4.- Planchas con movimiento
Empieza como en la foto de la esquina superior-izquierda (hombros en línea con los codeos, foto 1). Echa un codo hacia delante y a continuación el otro. Retrocede. Sube con los brazos rectos (foto 4).
Comienza de nuevo. Repítelo 15-20 veces.
5.- Patada hacia atrás
Es un muy buen ejercicio para el core. La pierna de apoyo debe estar ligeramente flexionada. Lleva tan lejos como puedas tanto brazos como la pierna elevada. Repite el ejercicio sobre la misma pierna cuantas veces puedas. A continuación, cambia la pierna de apoyo.
6.- El ejercicio de “superman”
Este ejercicio, ejercita los abdominales, el trasero y fortalece espalda y caderas. Apóyate al estilo perrito con los dedos de las manos mirando hacia delante. Las manos tienen que estar a la altura de los hombros y las rodillas a la altura de las caderas. Luego estira lentamente un brazo y la pierna contraria. Mantén el equilibrio unos segundos sin curvar o doblar la espalda. Cambia de pierna y brazo.
7.- Puentes
Ejercita trasero y también los músculos de la espalda.
– Acuéstate sobre la espalda.
– Forma con las rodillas un ángulo de 90 grados.
– Con los pies planos en el suelo y rectos, levanta el trasero hasta que la espalda esté en línea recta.

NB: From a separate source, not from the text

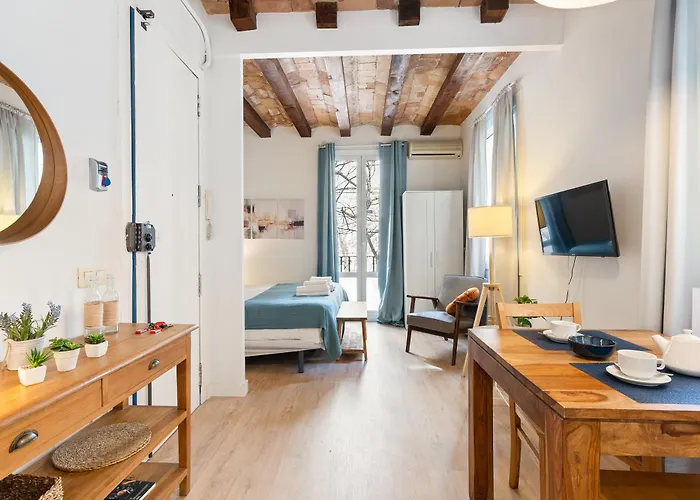 Ciutat Vella es el corazón histórico de Barcelona. Este moderno apartamento de una habitación combina la comodidad y el estilo, ofreciendo un ambiente acogedor ideal para aquellos que desean explorar la ciudad. Con acceso a una cocina equipada con horno microondas y frigorífico, cocinar se convierte en una experiencia placentera. Además, cuenta con una tele de pantalla plana y una lavadora, proporcionando todas las comodidades necesarias para una estancia rejuvenecedora. El apartamento climatizado incluye un elegante baño con bidet y ducha, asegurando que cada detalle de tu estancia sea confortable. Gracias a la conexión WiFi gratuita, podrás mantenerte conectado y compartir tus inolvidables momentos en la ciudad.

– Mantén esta posición durante 10-15 segundos, luego baja lentamente hasta el suelo.
– Repite este movimiento 10-20 veces por serie.
Notas:
– Pies rectos. No hacia afuera o hacia dentro.
– Entrelaza los dedos de las manos
– Asegúrate de formar un ángulo recto con los pies. Es decir, sube el culo más que como se ve en la foto.
8.- Plancha lateral para chicas
Es uno de los mejores ejercicios para el core. Este ejercicio se centra principalmente en las piernas, en los brazos y la espalda. Comienza esta rutina de ejercicios acostándote de lado con el codo alineándose directamente debajo del hombro. Levante las caderas del suelo apoyando tu cuerpo con su antebrazo y manteniendo tus pies encima uno de de otro. Mantén el torso firme durante 3 a 5 segundos y luego gradualmente baja las caderas hacia el suelo y repítelo de nuevo. Según te veas, elige tu nivel tal y como ves en la foto.
9.- Lunges
Este ejercicio es duro y lo que hace es ayudar a fortalecer los muslos y las caderas. Ponte derecho y alinea hombros y pies. A continuación, adelanta con el pie derecho y deja caer la rodilla. Asegúrate de que pones la rodilla en un ángulo de 90 grados aproximadamente. Ponte de nuevo recto y cambia de pierna. Puede hacer este ejercicio sosteniendo unas mancuernas en las manos. Con este ejercicio reduces muslos y caderas.
10.- Superman boca abajo
Te ayudará a aumentar la fuerza de los músculos de la parte inferior de la espalda y los glúteos. Para hacer este ejercicio, túmbate boca abajo y levanta suavemente las piernas y la parte superior del cuerpo al mismo tiempo. Mantén siempre la cabeza recta. Aguanta de 2 a 3 segundos y repítelo de 10 a 12 veces al día. Fortalece piernas.